LEGAL IMPLICATIONS: EQUALITY IN HIGHER EDUCATION ADMISSIONS

some applicants. Diminishing the admissions requirements for a select group of individuals hardly
seems fair, and denying admission to more highly academically qualified non-minority applicants
simply to open more space for minority applicants is contradictory as well. If the goal is truly to ensure
equality for all regardless of race, creed, color, or nationality, then none of these factors should be a
consideration for any employment or institutional admission. Cultural diversity has been shown to be a
valuable component in fulfilling an institution's educational mission. However perhaps the concepts of
race and cultural diversity have been incorrectly merged. Why has an individual's race been deemed a
certain predictor of cultural diversity? Culture is not solely race based. While many individuals of the
same race may share common cultural values, the same can be said of many individuals of different
racial backgrounds. The color of one's skin does not guarantee cultural heritage. For example the
African American experience in America can vary widely depending on socioeconomic and
geographical factors. The same can be said for Caucasian individuals, or any other race for that matter.
If universities are truly interested in achieving diversity, and not merely seeking to maintain their flow
of federal funds by complying with affirmative action policies, perhaps there are more effective ways
to identify diverse individuals than by simply checking the appropriate race box on the enrollment
application. Writing samples and questionnaires for example, or direct interviews of those applicants
falling within with marginal limits of admissions scores.
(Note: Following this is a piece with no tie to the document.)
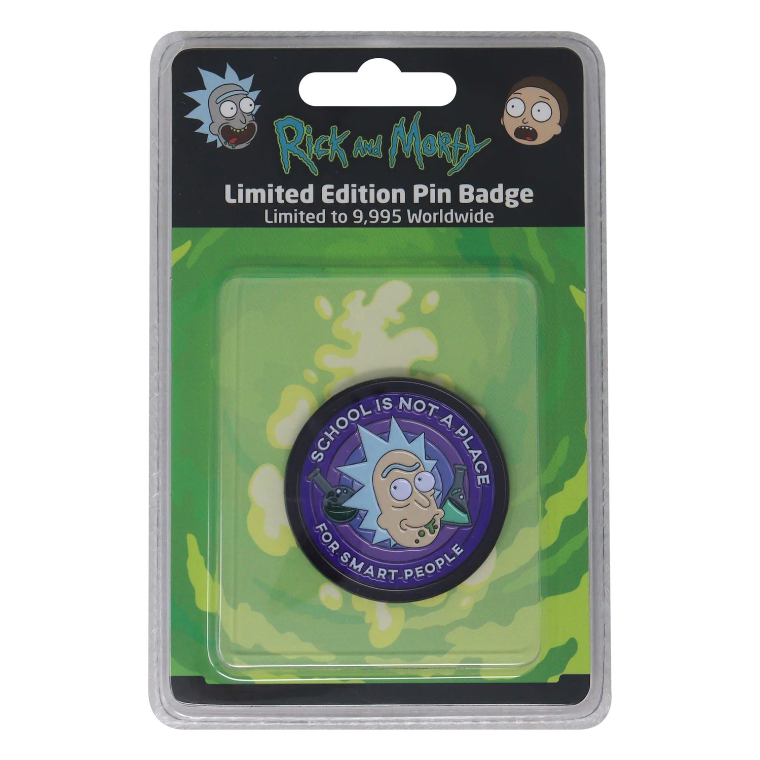 'School is not a place for smart people'. Join the Rick Sanchez team with this Limited Edition Pin Badge. Depicting this hilarious quote and Rick's face, this Pin Badge is limited to 9,995 worldwide with each item being individually numbered on the reverse.

Whatever the methods chosen, some more
accurate method of assessing applicants and their potential diverse contributions to the university are
needed.
Conclusions
The impact of the legal cases discussed above, and those that are sure to arise in the future, are
sure to test the standards set by the federal government to encourage racial integration and the
academic missions of higher education. Ultimately, the question of race that has haunted this nation
since it's founding will continue to be problematic so long as its' society continues to focus on racial
matters as opposed to cultural ones. When the question of race is removed completely, and equal
human rights are observed for all individuals, only then will we have a lasting resolution to the issue at
hand.

LEGAL IMPLICATIONS: EQUALITY IN HIGHER EDUCATION ADMISSIONS


References
Plessy v. Ferguson, 163 U.S. 537 (1896).
McLaurin v. Oklahoma State Regents for Higher Education, 339 U.S. 637 (1950)
Sweatt v. Painter, 339 U.S. 629 (1950).
Brown v. Board of Education, Topeka, 347 U.S. 483 (1954).
DeFunis v. Odegaard, 416 U.S. 312 (1974)
Regents of the University of California v. Bakke, 438 U.S. 265 (1978).
Gratz v. Bollinger, 539 U.S. 244 (2003).
Grutter v. Bollinger, 539 U.S. 306 (2003).